Comment from Erka Koivunen, security advisor at F-Secure and expert witness to the Joint Committee scrutinising the Investigatory Powers Bill:
“Let us be clear on the British Government’s intentions and the consequences of those actions. ‘Equipment interference’ is hacking. There is a reason there is a very large security industry dedicated to protecting businesses and their digital assets – because hacking damages businesses. Hacked companies are not the security services’ target though – they are a stepping stone to the ultimate target. One imagines that it did little to ease Stellar’s, Gemalto’s or Belgacom’s pain to learn that GCHQ had breached their security in an effort to spy on their customers.

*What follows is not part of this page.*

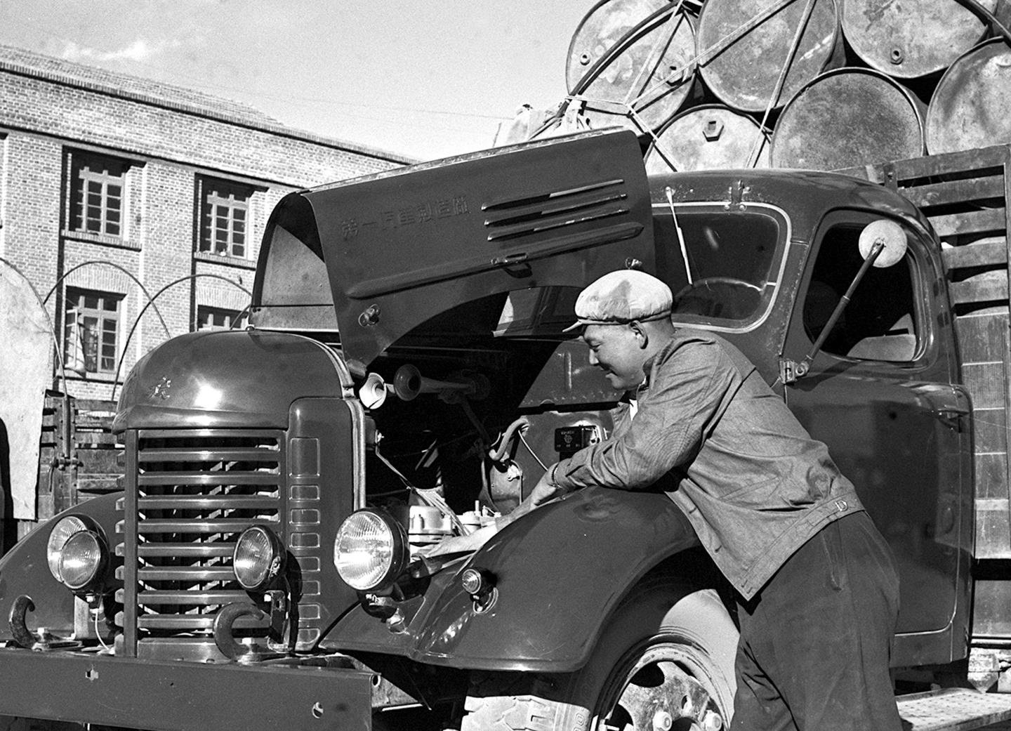 1964年,曾經(jīng)是川藏公路筑路工人的汽車駕駛員呷瑪卻桑在出車前對汽車機件進行檢查。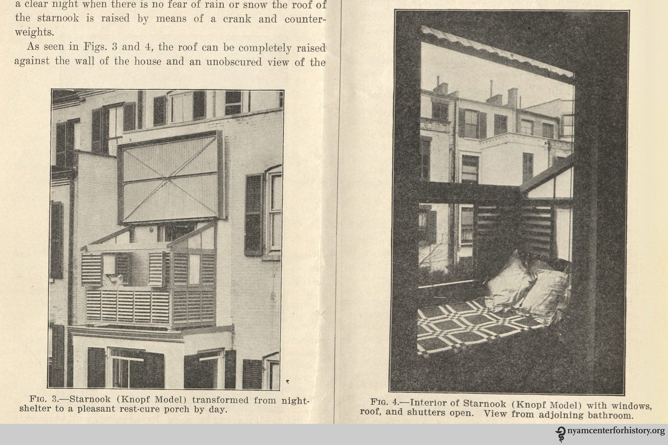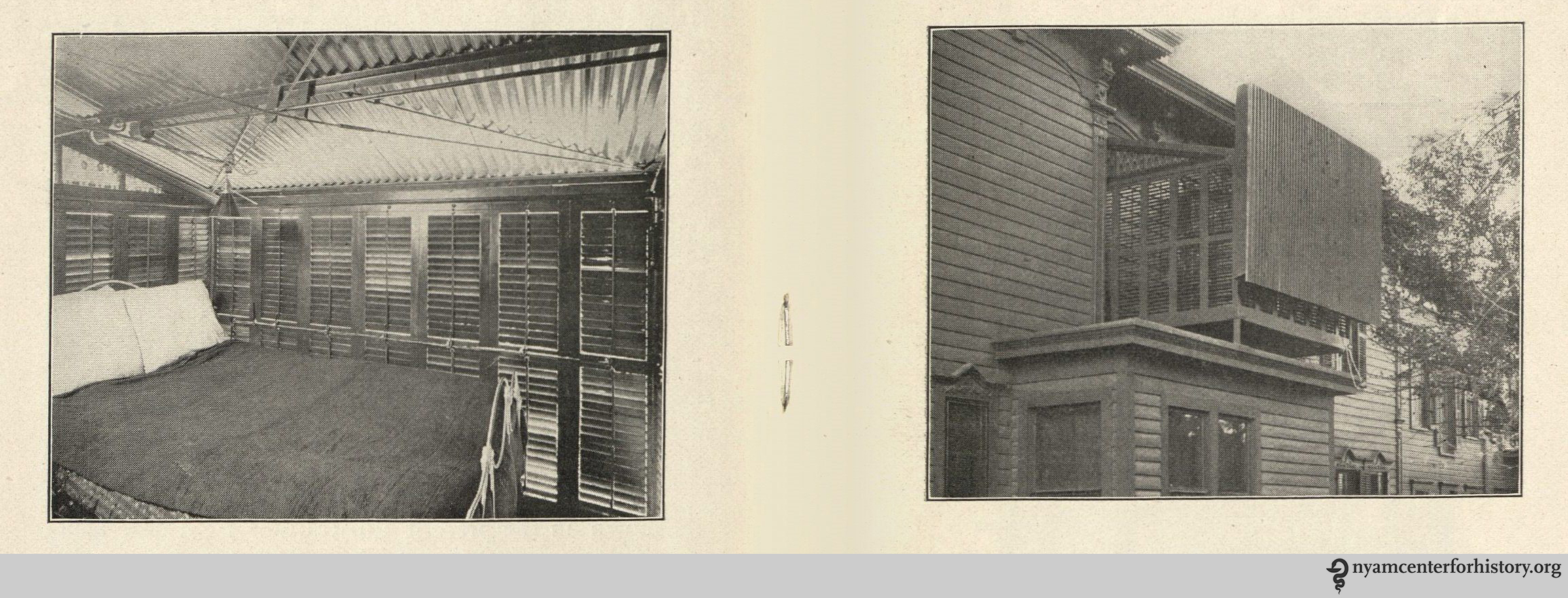 “In presenting this new device to the profession and the public, the inventors trust to have been in a measure helpful not only in solving the problem of outdoor sleeping and outdoor resting for the tuberculous in cities, but also to have given opportunity to other sufferers to recuperate, and to the well and strong to enjoy constant fresh air, at least at night, and enable them to be more frequently in touch with nature than is granted to most city dwellers.”4

“Politicians are not technology experts, but many understand business. Hacking into a business or its commercial technology means those companies incur direct costs related to disrupted operations, incident response, regulatory fines and loss of business and assets. These costs have been rising since 2012. In 2015, a single security incident at a large organisation resulted in costs between £1.5 million and £3.14 million. Small companies incurred costs between £75,200 to £310,800*. These figures do not include the indirect costs of complying with regulations, nor do they account for the potential lost opportunities caused by eroding trust in the ability of businesses to offer secure digital services to customers.
“No company wants their own government or government of a friendly partner to break into their systems or undermine the security of their services. We would encourage the Government to pause and consider the implications of its intentions before it irreparably damages British businesses."